McDonough’s dream to plant a tree took root nearly 20 years before he founded Remedy—and long before he had the means to do any planting.
“Don’t you think you ought to get a job first?” his wife asked when a young McDonough first spoke of making a contribution to his alma mater, Georgetown University, on graduation day.

She had a point, but since his grammar school days, McDonough has wanted to make a difference, to give back.

He grew up in Chicago during the Depression. “You couldn’t ask your parents for a nickel because they didn’t have it,” he says. “Nobody had any money, and the McDonoughs had less than ‘nobody.'”

McDonough and his three siblings attended St. Margaret Mary grammar school half a block from their home. Because the family had no money, none of them paid tuition.

McDonough was not a model student. “I was never able to stay within the boundaries at school,” he says. He received his share of reprimands and the accompanying whacks with a ruler, and spent a fair amount of time staying after school. So frequent were the visits to the principal’s office that “we became pretty good buddies,” McDonough says.

Though he tried the patience of the authority figures at the school, McDonough learned lifelong lessons there. As a teenager, after graduating from St. Margaret Mary, he remembers thinking to himself, “Your character—the basics of who you are—was formed there.”

“I always remembered that and felt an obligation to give back. It’s ingrained in me. It’s part of my education.”

Footprints in the Forest

“I’ve always wanted to leave some footprints,” McDonough says. “I always had in mind that I’d build a high school, but I never did.”
Still, his name will forever be associated with education. He did make that contribution to Georgetown University that he mentioned to his wife. His first gift to the university was $5. And in 1998, he gave $30 million to name its business school—the Robert Emmett McDonough School of Business.

McDonough’s friend and ASA past chairman Dick Essey, of the TemPositions Group of Cos., read about the gift in the newspaper. It came as no surprise. “Bob has been very, very generous,” Essey says. In fact, Essey had almost foretold of the gift a few years before.

“On vacation with my family, I was reading the Pelican Brief, by John Grisham,” Essey explains. “Some of the book takes place at Georgetown University, in McDonough Hall.” Essey knew that McDonough and members of his family had attended Georgetown, so Essey called McDonough and said, “Congratulations! They named a building after you.” It turned out to be a different McDonough.

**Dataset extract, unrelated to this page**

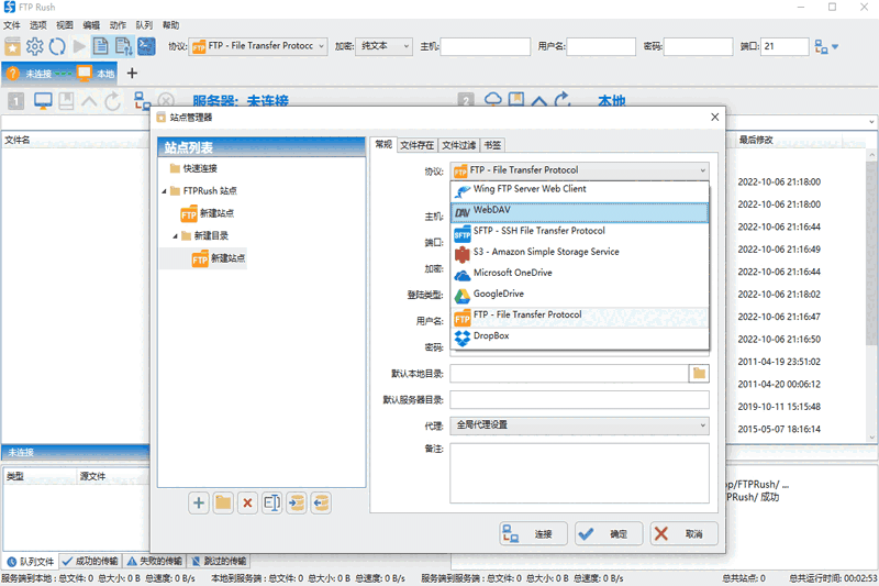FTP Rush是一款专业的FTP客户端的软件工具,软件支持SFV校验、FXP传输、实时压缩、同步文件等功能。非常方便快捷,软件界面简约,布局直观清晰。操作简单,容易上手,是一款十分实用的工具。

Georgetown hasn’t been the only school to benefit from McDonough’s desire to give back. Recently he learned that St. Margaret Mary school had fallen on hard times and would have to close. Remembering the impact the school had had on his life 75 years ago, he decided to do what he could to help keep it open. He wrote a letter to the school: “The McDonoughs owe you some money,” he explained. “If I make a generous contribution, it will compensate for the unpaid tuition of the four McDonough children who attended during the 1930s.”

That’s just the kind of friend McDonough is, says Gibson. “If you need him, he’ll be there.” No doubt the forest of trees that he has both planted and watered will long bear the footprints of Bob McDonough.